ANADİLİN TAŞIYICISI VE AKTARANI KÜRT KADINIDIR
Kürtlerde anadilin ve kültürün bugüne taşıyıcısı ve aktaranı olan Kürt kadınının anadil üzerinden hedeflenmesi alçakça ve iki yüzlücedir. Kurdistan Kadın Özgürlük Mücadelesi esasta yurtseverlik, toprağa ve anadile bağlılık üzerinden gelişmiştir. Bu konuda Kürt kadınları büyük kazanımlar ortaya çıkarmıştır, bu kazanımlarını her gün biraz daha büyütme ve geliştirme çabası içerisindedir. Tüm mücadele ve direniş cephelerinde böylesi bir sorumluluk içindedir. Kürt dilini ve kültürünü inkâr eden, saldıran, yok sayan ve asimile eden düşman safında yer alarak, yanında durarak; Kürt kadın politikacıların hedef alınması açıkça düşman politikasıdır ve kabul edilebilir bir durum değildir. Bu saldırıların esas amacının Kürt halkının ve kadınların politik kazanımlarını zayıflatma, geriletme ve hatta el uzatma gayreti olduğu görülmek durumundadır.

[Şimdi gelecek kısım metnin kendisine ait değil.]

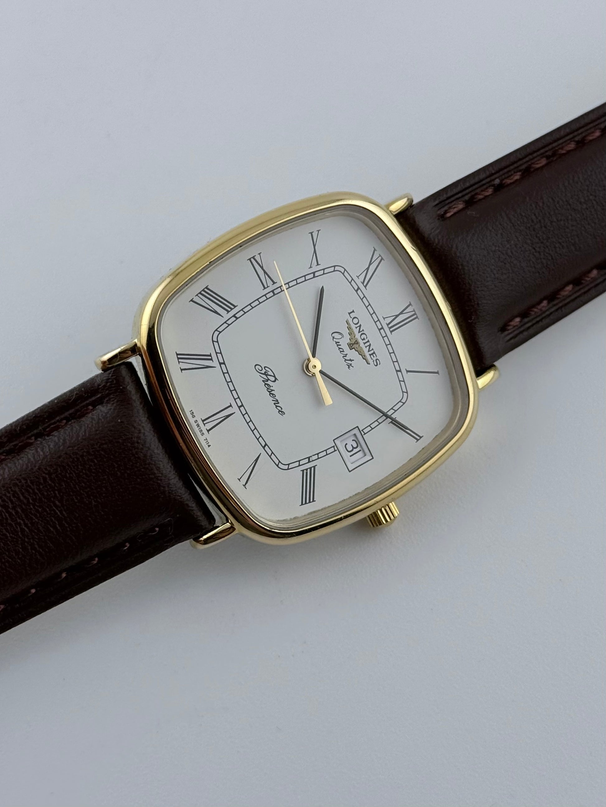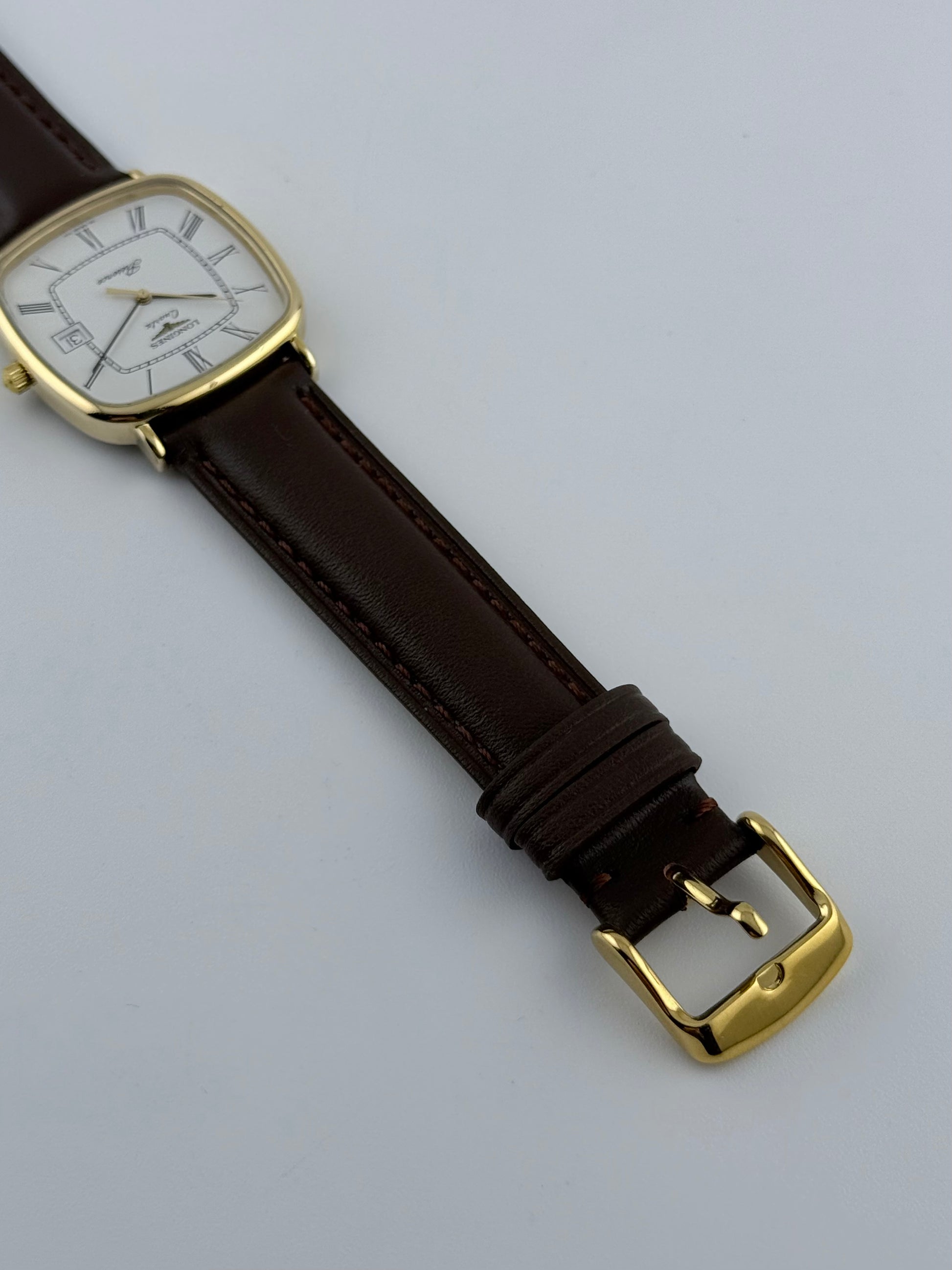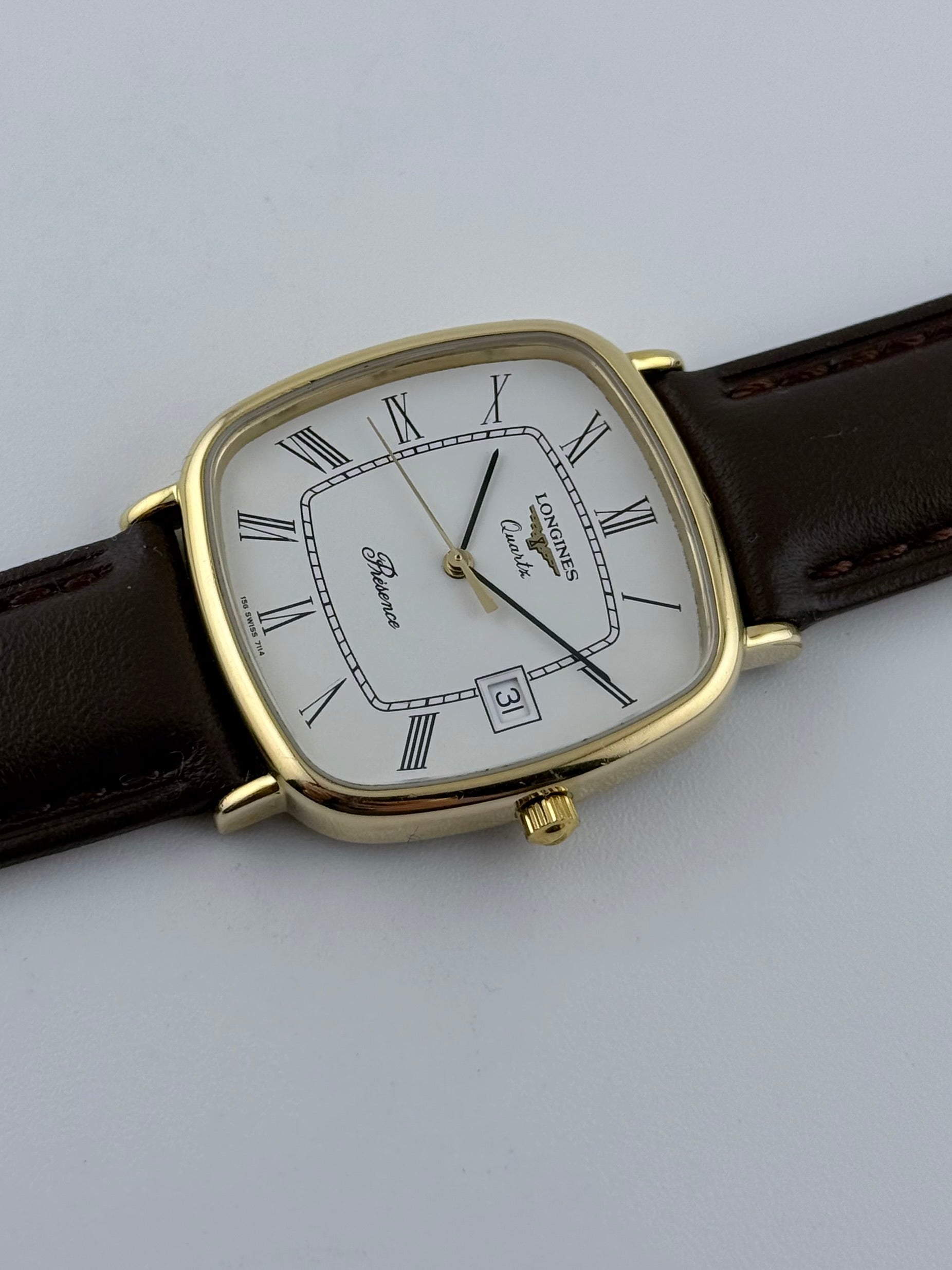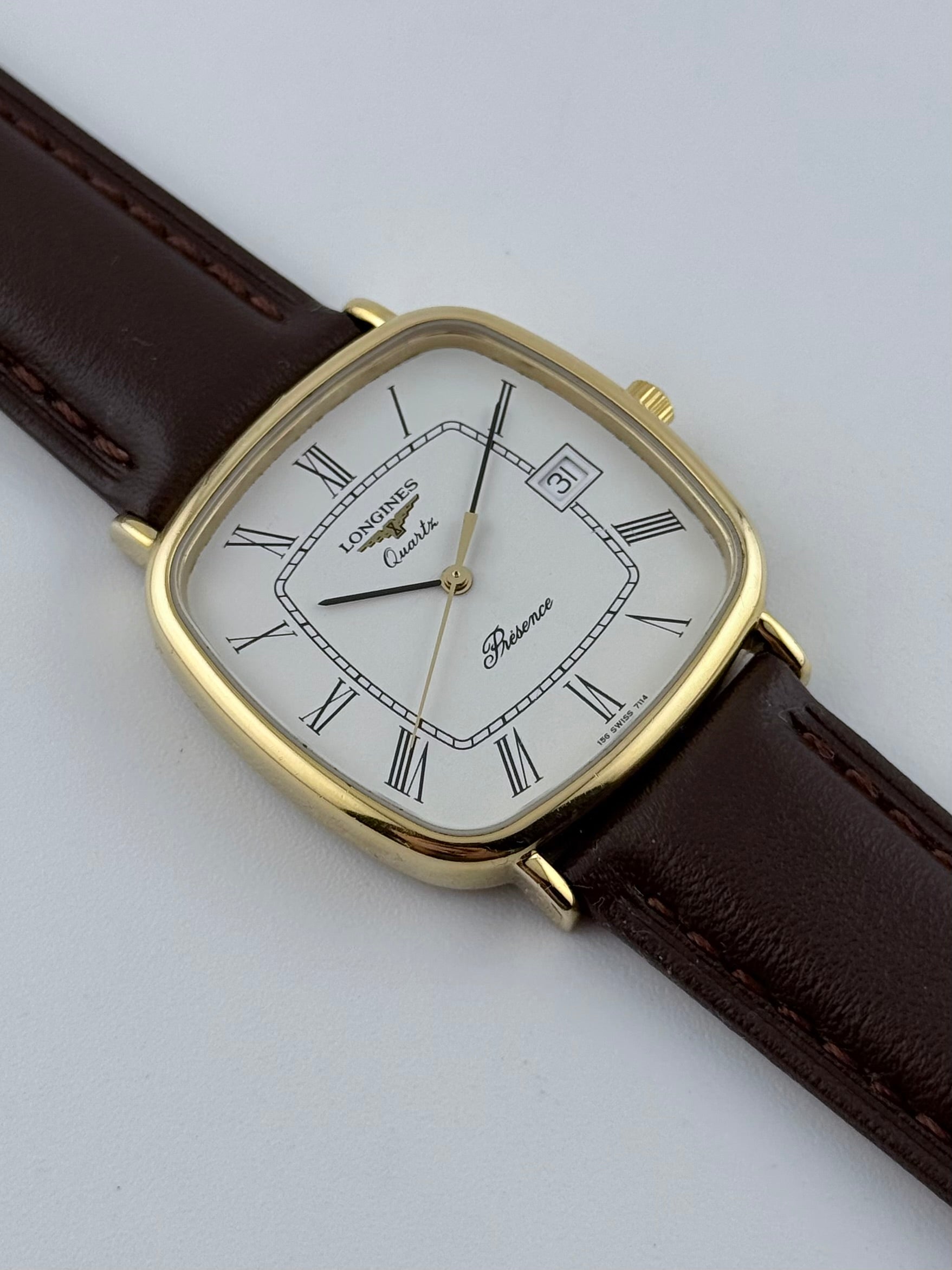This is a wonderful vintage gold plated Longines Quartz featuring a stylish square 1960s TV case with crisp white dial, minutes rail track and Roman numerals as well as a fully working date complication. This piece is in fantastic condition for its age, working perfectly and keeping great time.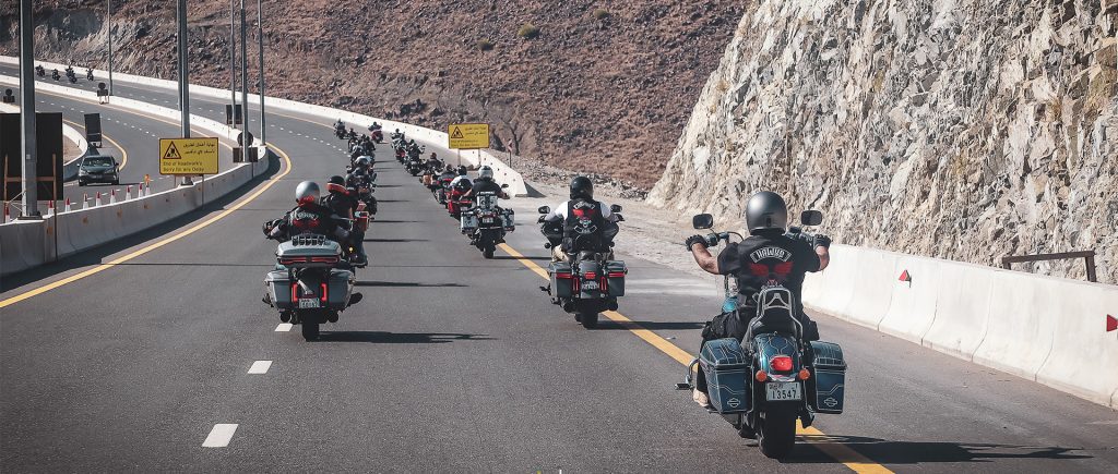 An early departure from Dubai as we ride east toward the dramatic Hajar Mountains. The city fades behind us, replaced by raw rock faces and open horizons.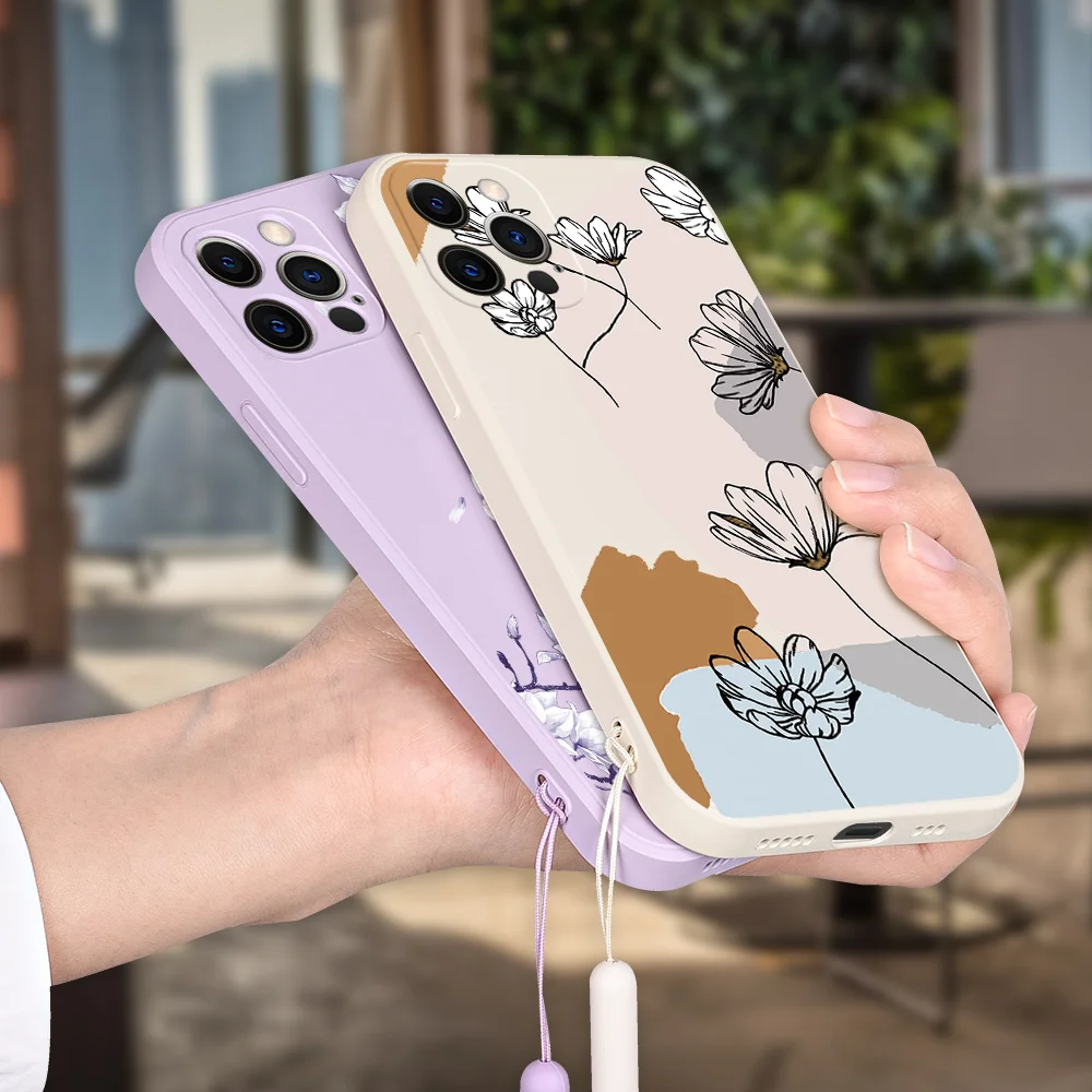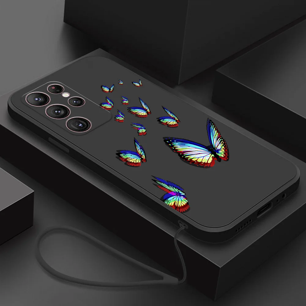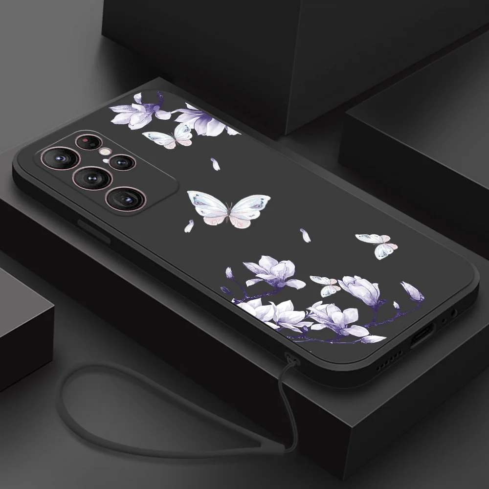 Funda de mariposa de flores para Samsung Galaxy S22 S23 Ultra S21 S20 Plus S22 S20 S10 S10e S 21 S21 fe 5G cubierta de silicona con cordón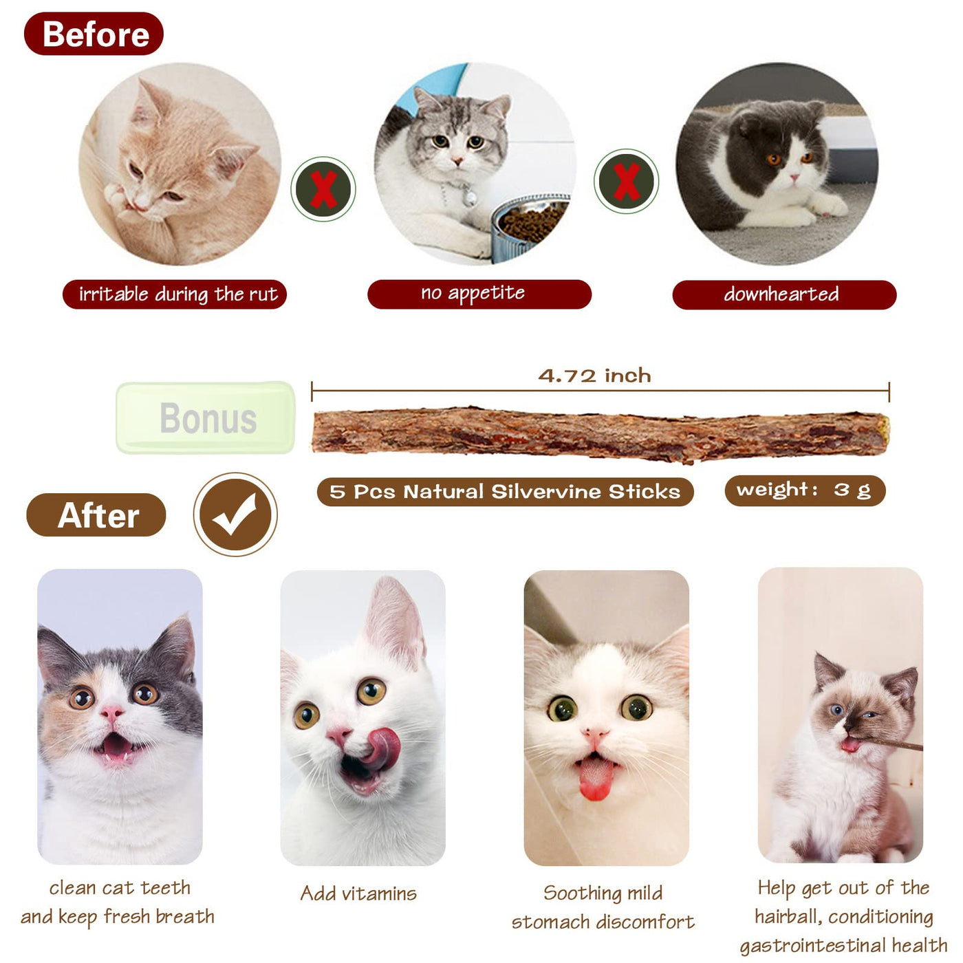 What A Great Way To Keep Your Cat Healthy And To Make Your Cat Have Fun Exerciser Playing? This Cat Teaser Comes With A Cute Pendant And A Bell With A Portable Stick. This Is A Fantastic Teaser Exercise Toy To Interact With Your Kitty For Play And Exercise, Keep Your Kitten Healthy And Active While Having Fun By Yourself. Specification: Rod Length: Approx.16Inch / 40Cm Flexible Wire Length: Approx. 24Inch / 60 Cm Material: Natural Wooden Stick + Cotton + Feather + Metal Bell Easy To Grip, Safe And Convenient 3 Pieces Wand Cat Toy - With Cat Teaser Toy, The Cat Of All Ages Can Get A Lot Of Fun. You Can Enjoy Hours Of Play With Your Cat In A Super Fun. What A Wonderful And Fun Way To Interact With Your Cat. 5 Pieces Catnip Sticks - These Chewing Sticks Facilitate Dental Hygiene And Teeth Cleaning By Exfoliating Plaque On Your Teeth. Catnip Chewing Sticks Are Good For Dental Hygiene And Oral Care For Cats, Improves Oral Hygiene, Prevents Oral Diseases. Package Include: 3 X Cat Toys Wand 5 X Catnip Sticks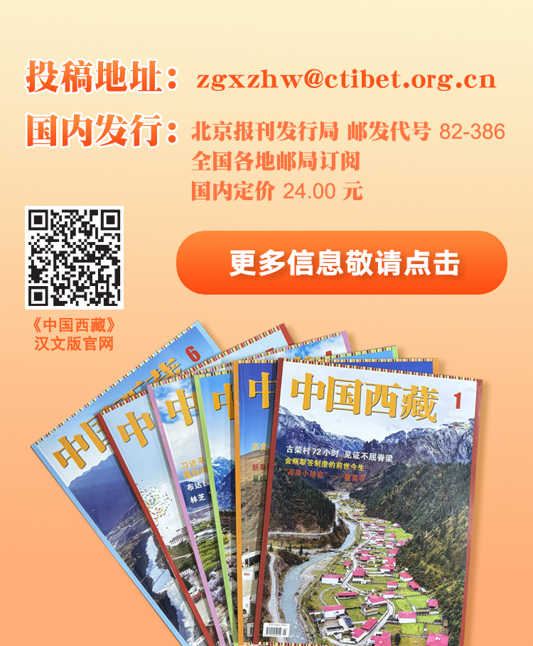 廣大讀者朋友們!過(guò)去一年我們雜志印發(fā)40余萬(wàn)冊(cè),在這個(gè)自媒體時(shí)代,我們歡迎大家空閑時(shí)放下手機(jī),相約精美文字,享受閱讀的快樂(lè)。您的關(guān)注與厚愛(ài),是我們穿越高原風(fēng)雪、堅(jiān)守傳播使命的不竭動(dòng)力。新的一年,我們將繼續(xù)以鏡頭捕捉高原之美,以文字傳播新時(shí)代之聲。本平臺(tái)長(zhǎng)期面向社會(huì)各界公開(kāi)征稿,誠(chéng)邀您的佳作。期待與您繼續(xù)相約《中國(guó)西藏》,共賞高原風(fēng)光,共話文明傳承,共赴美好未來(lái)!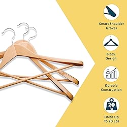 FUNCTIONAL SOLID WOOD DESIGN: Crafted from premium wood, these hangers offer both functionality and elegance, providing a sophisticated solution for organizing your wardrobe. HEAVY DUTY SUPPORT: With a robust construction, these hangers ensure reliable support for suits, jackets, pants, and dresses, making them an ideal choice for heavy garments. WIDE SHOULDER EXCELLENCE: The extra-wide shoulder design prevents wrinkles and is specifically tailored to accommodate suit jackets, preserving their shape and integrity. FRUSTRATION-FREE HANGING: Enjoy an effortless closet experience with the chrome 360° swivel hook, allowing easy access to your clothes from any angle and streamlining your daily routine. VERSATILE AND AESTHETICALLY PLEASING: The pants bar design adds versatility to your closet organization, while the natural wood grain finish enhances the overall aesthetic appeal of your wardrobe, creating a visually pleasing and organized space.
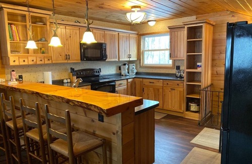 3 Night Minimum Stay. 5 bedroom, 3 bathroom trailside unit with access to Lifts 2 & 3, located next to the former Alpen Inn. Large open concept living room, dining room with new gas fireplace, electronic game table (40+ games) and seating for 5 at countertop in kitchen. Flat screen TV with Roku. Modern appliances in kitchen with double oven, dishwasher, and microwave. All the comforts of home with a newly added washer & dryer. Newly remodeled 4 bedrooms located on main level with two full bathrooms. One of the bathrooms is recently remodeled (summer 2024). Staircase leads to second floor living area. 1 bedroom on upper level off of living area and full bathroom. Large deck facing the ski hill for the ski-in ski-out convenience. Outdoor gas grill. New lower back deck. New sun deck right next to the ski run. Prime snowmobile access from this unit. Dog friendly (new as of the 2024-25 ski season). Sleeps 12.

Kadınlara dönük geliştirilen, her gün biraz daha sistematik hale getirilen özel savaş saldırıları karşısında halkımızın, Kürt ve Türkiyeli tüm kadınların tutum alma noktasında yetersiz kaldığını gördüğümüzü ve eleştirdiğimizi belirtmek istiyoruz. Kadının her kazanımına dil ve el uzatanlara karşı güçlü tutum ve tavır konulmak durumundadır. Benzer tutumları gözaltı ve tutuklamalar karşısında geliştirmek önemlidir. Bütünlüklü ve topyekûn olarak yürütülen bu saldırıları durduramazsak, her güne sığdırılan kadın katliamlarının daha da çoğalacağı görülmelidir.
TAVIR GELİŞTİRİLMELİ
Diğer bir çağrımızda kadın özgürlüğüne inanan, bu nokta da duran, kendini kadın özgürlük mücadelesinin yanında gören erkekleredir. Bu kırım ve saldırı politikası karşısında ses çıkarmalı ve tutum almalısınız.
Saldırılar siyaseti demokratik kılacak olan güce ve kimliğe karşıdır. Demokratik Siyasetin korunup geliştirilmesinin özü kadındır.
Bu saldırıların bertaraf edilmesinde örgütlü kadın mücadelesi belirleyici olsa da tüm demokratik çevrelerinde örgütlü kadın duruşu etrafında tavır ve tutum geliştirmeleri önem arzeder. Kadınlar dün olduğu gibi bugün de kültürün, anadilin, demokratik özgür yaşamın koruyucusu ve yaşatanı olacaktır.”